Wir kaufen uns Straßenkreide und malen Blumen auf den Beton. Da, wo kein Garten mehr ist,
blüht jetzt die Phantasie. Daneben keimen neue Pflanzen, aus den Samen, die wir säten, aus der
Erfahrung, die sie nährt und aus dem Regen, dem wir wieder vertrauen.
Ab und zu keimt eine Pflanze, die uns überrascht. Ihre Wurzel hat sich ihren Weg gebahnt, sie
kommt aus der Erde unter dem Beton. Wir staunen über die stille Kraft, die in zarten,
verschütteten Pflanzen steckt und sind gerührt über die kleinen Blätter, die von selbst
auftauchen wie ein Geschenk.
Irgendwann steht auf dem Beton ein Liegestuhl. Die Blumen aus Straßenkreide locken Kinder
an, die weitermalen.

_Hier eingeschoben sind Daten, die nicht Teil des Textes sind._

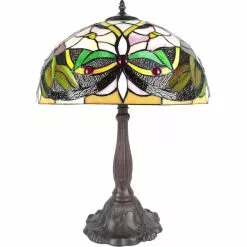 HAES DECO – Tiffany Tafellamp Creme, Bruin Ø 40×61 Cm Fitting E27 / Lamp Max 2x60W
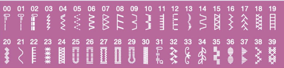 - 40 ściegów, w tym ściegi dekoracyjne, owelokowe, podstawowe, kryte,

Gäste sitzen bei uns und hören zu, wie wir von der Arbeit erzählen, die
hinter uns liegt. Sie beißen in die Paprikaschote, die anders schmeckt als ihre - wir haben neue
Sorten ausgesucht und ein bisschen experimentiert. Nicht jeder Samen ist aufgegangen. Doch
alles, was nun wächst, haben wir selbst gepflanzt.